Peculiarities of Brain Cell Functioning in Hyperglycemia and Diabetes Mellitus

• Published in: Journal of evolutionary biochemistry and physiology Vol. 60; no. 4; pp. 1531 - 1545
• Main Authors: Morozova, M. P., Savinkova, I. G., Gorbacheva, L. R.
• Format: Journal Article
• Language: English
• Published: Moscow Pleiades Publishing 01.07.2024; Springer Nature B.V
• Subjects: Animal Physiology; Astrocytes; Biochemistry; Biomedical and Life Sciences; Brain injury; Cell culture; Central nervous system; Diabetes; Diabetes mellitus; Energy consumption; Evolutionary Biology; Functional morphology; Glial cells; Hyperglycemia; Intracellular signalling; Life Sciences; Microglia; Neurodegeneration; Neuronal-glial interactions; Reviews; Therapeutic targets; hyperglycemia; neuroinflammation; neurodegeneration; diabetes mellitus; astrocytes; microglia; neurons
• ISSN: 0022-0930; 1608-3202
• DOI: 10.1134/S0022093024040215

Hyperglycemia is a symptom and damaging factor of diabetes mellitus (DM) that leads to systemic complications in the body, including cerebral macro- and microangiopathies, impaired blood supply, appearance of neurodegeneration foci, and triggering neuroinflammation. Nervous tissue is characterized by a high level of energy consumption and is highly sensitive to fluctuations in the level of metabolic substrates. Therefore, it is extremely important to study the effect of high glucose levels on the functional state of the central nervous system.
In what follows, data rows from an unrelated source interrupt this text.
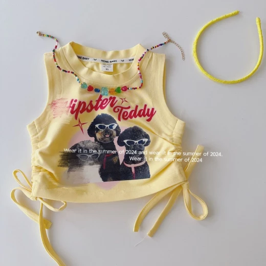 #2703m14 ? ? Áo thun sát nách rút eo xinh xắn ? 3 màu: Vàng - Xanh - Hồng ✅ Sz: 90-140 Giá: 100k Chốt 27.03
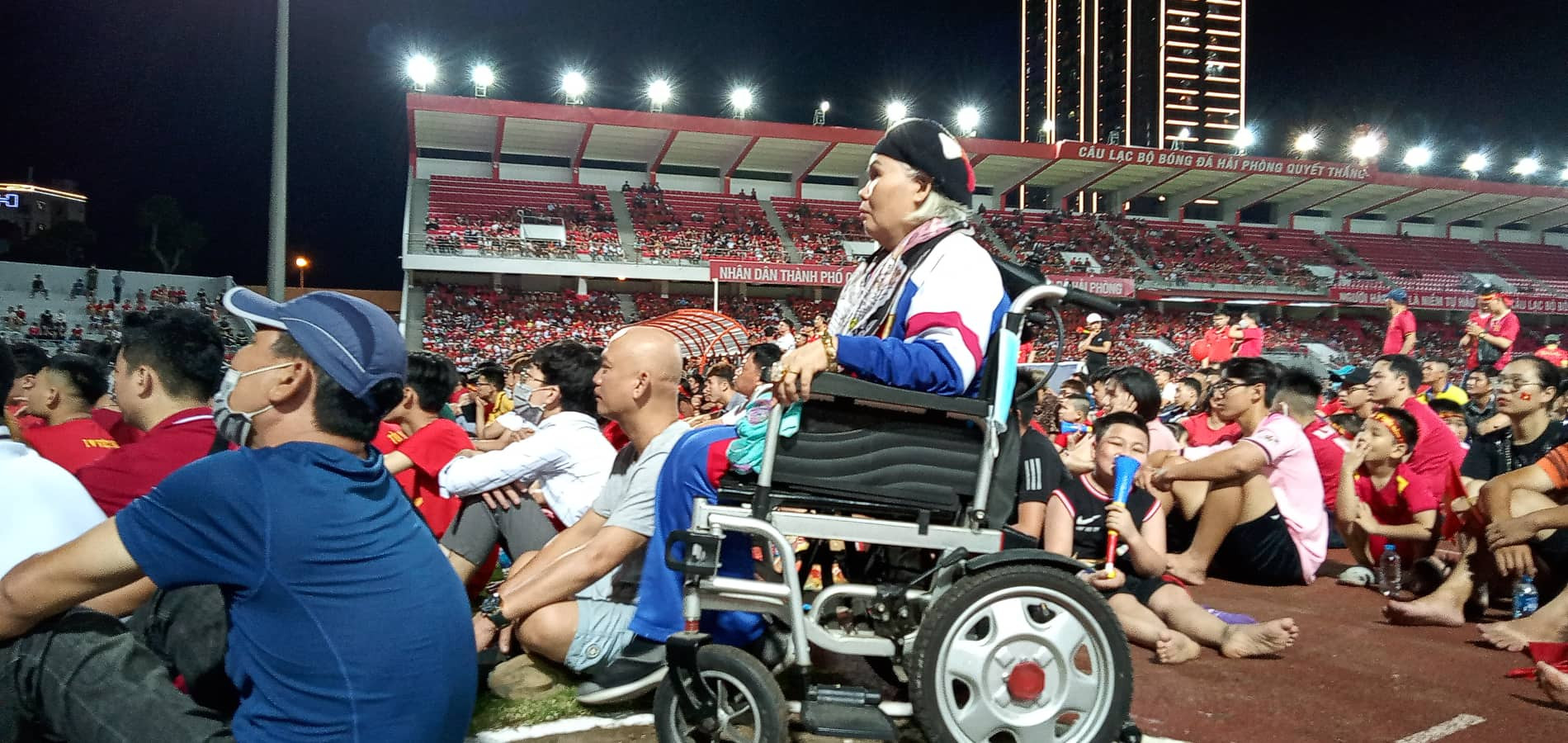 Cụ bà Đỗ Thị Liễu, 70 tuổi, trú tại Tô Hiệu, TP Hải Phòng dù bị tai biến ngồi trên xe lăn nhiều năm nhưng chiều nay vẫn yêu cầu con trai đưa ra sân Lạch Tray để xem bóng đá. Ảnh: Việt Khang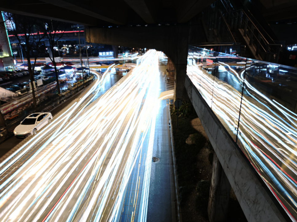 或是用长曝光拍摄出夜晚车流川流不息的光路。
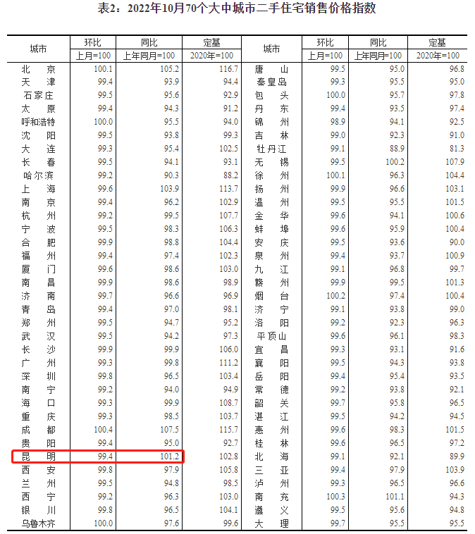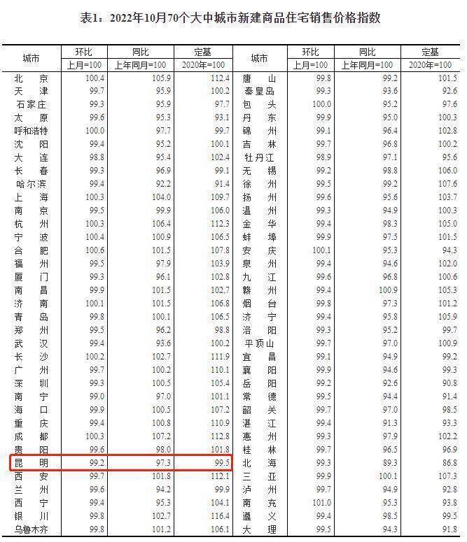10月70城商品住宅销售价格指数出炉,昆明新房环比跌0.8%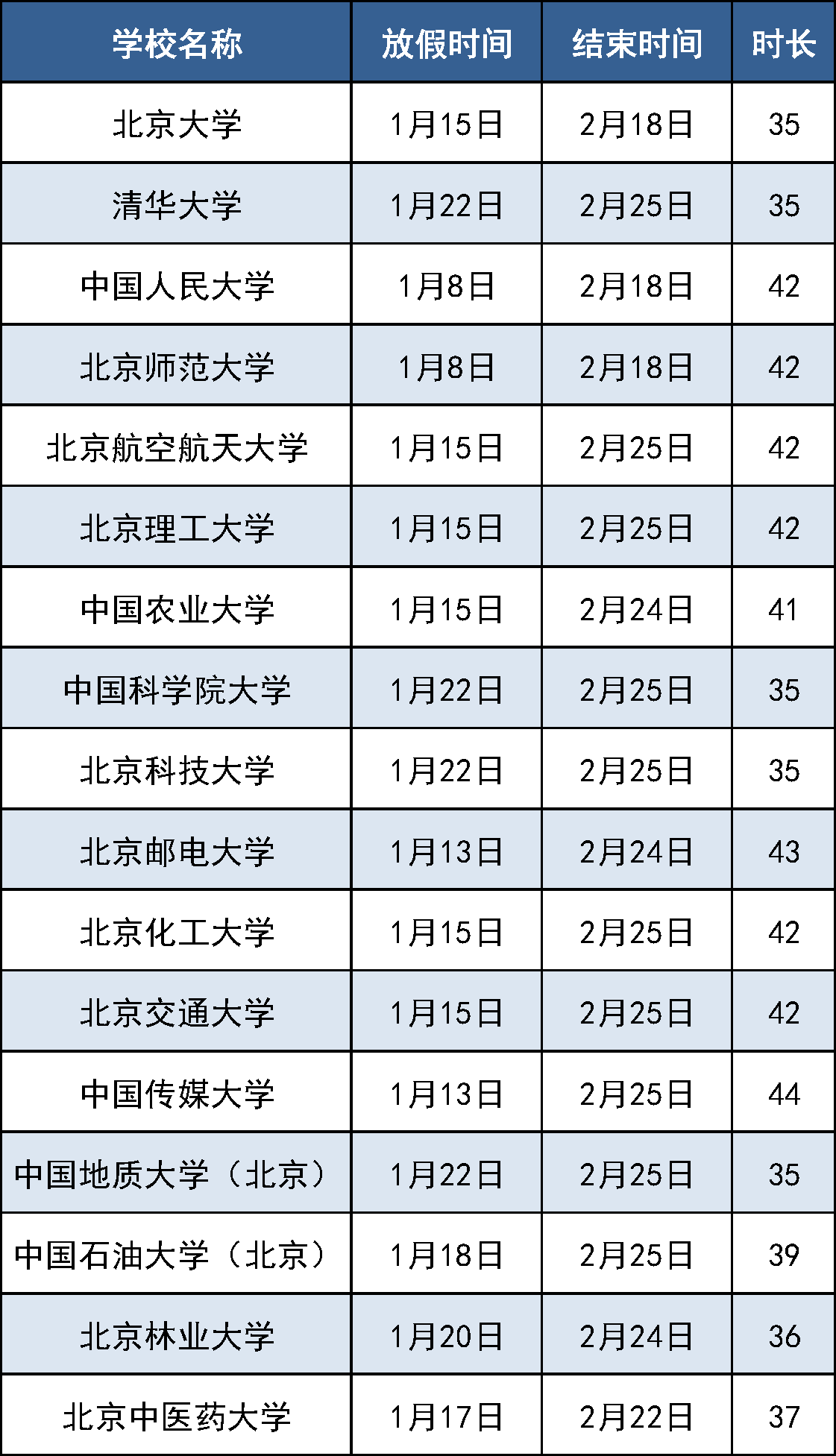寒假在即,北京各大高校紛紛公布2024年寒假放假安排。北京大學(xué)、清華大學(xué)、中國(guó)人民大學(xué)等近40所高校公布的放假安排中,最長(zhǎng)的假期達(dá)48天。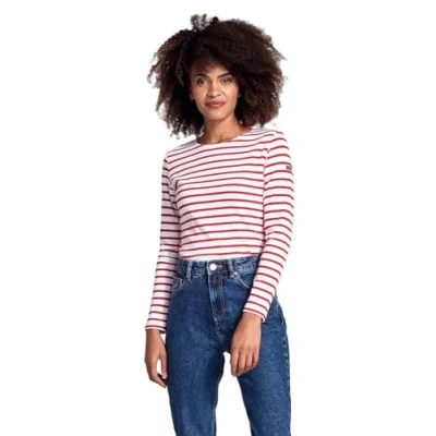 Armor Lux Women's Marinière Lesconil T Shirt, Blanco (White/Braise 320), 12 (M)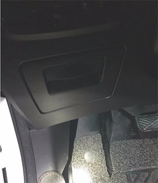 这是方向盘左侧的一个小手抠区域,平时用来放置单据和行车本,现在已经把手抠拆卸下来了。拆卸这个手抠只要胆大心细即可,打开手抠后,最上方是两侧的卡托,从一端慢慢用力,就能取下上端部分,底部是卡扣固定的,直接向上稍用力就能“拔出来”。把行车记录仪的线布好,从这个“开口”处,按照从下到上、从内到外的顺序整理好线路,就能把线掏出来了。距离成功已经很近了。

This review attempts to comprehensively assess the effects of hyperglycemia on brain cells. Analysis of experimental data on the morphofunctional state of neurons, microglia and astrocytes, obtained in in vivo and in vitro models of diabetes, showed that direct and indirect effects of high glucose concentrations depend on the cell type. Astrocytic and microglial receptors and intracellular signaling cascades, which mediate the effects of hyperglycemia and the development of neuroinflammation, can act as therapeutic targets for correcting diabetic consequences. Thus, the search for new ways to modulate the functional activity of glial cells may be an effective strategy in reducing the severity of CNS injuries and their aftereffects.